PSLmodels / Tax-Calculator

USA Federal Individual Income and Payroll Tax Microsimulation Model
https://taxcalc.pslmodels.org
Other
259 stars 157 forks source link

Overall inequality and poverty summary statistics #1896

Closed MaxGhenis closed 6 years ago

MaxGhenis commented 6 years ago

It would be helpful to have a function or functions to get summary statistics around inequality and poverty. These could either be part of the existing diagnostic_table function or made as new functions.

Potential metrics could include:

More challenging ones would include:

I have some code for Gini and the other inequality ones, so can work on a PR there.

For the maintainers: do these belong in diagnostic_table, or should they be separate? Also should this issue be split into multiple for each metric?

cc @evtedeschi3 who's included the Gini coefficient and other inequality metrics in some past taxcalc analyses.
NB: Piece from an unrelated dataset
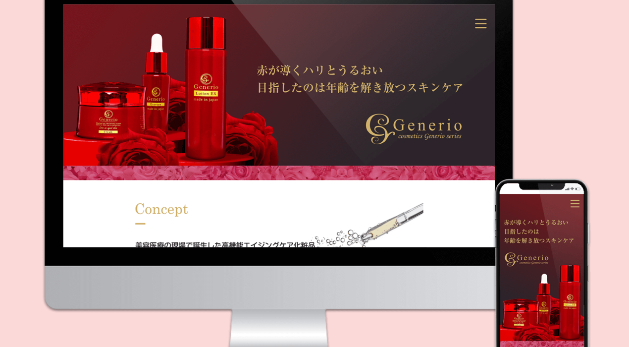 Web-Design デザイン制作 レスポンシブ対応。高級感と上品さをイメージし、ボトルの赤を引き立てるようにデザイン制作しました。 Production / 2021 / mac XD https://generio.jp/

codykallen commented 6 years ago

@MaxGhenis, this is an interesting idea, but I don't think Tax-Calculator is a good place to implement poverty measures. The units included come from the population of tax filers, which naturally excludes many people with little or no income, those most relevant for poverty analyses. If you're calculating a GINI coefficient, this creates the additional complication that a filing unit is neither an individual nor a household, so you would need some mechanism to either connect married couples filing separately or to split married couples filing jointly, as well as considering how to count children and non-child dependents.

That being said, if CTAM can be combined with Tax-Calculator, then the additional information from CTAM on cash and non-cash benefits could be more useful to a poverty analysis.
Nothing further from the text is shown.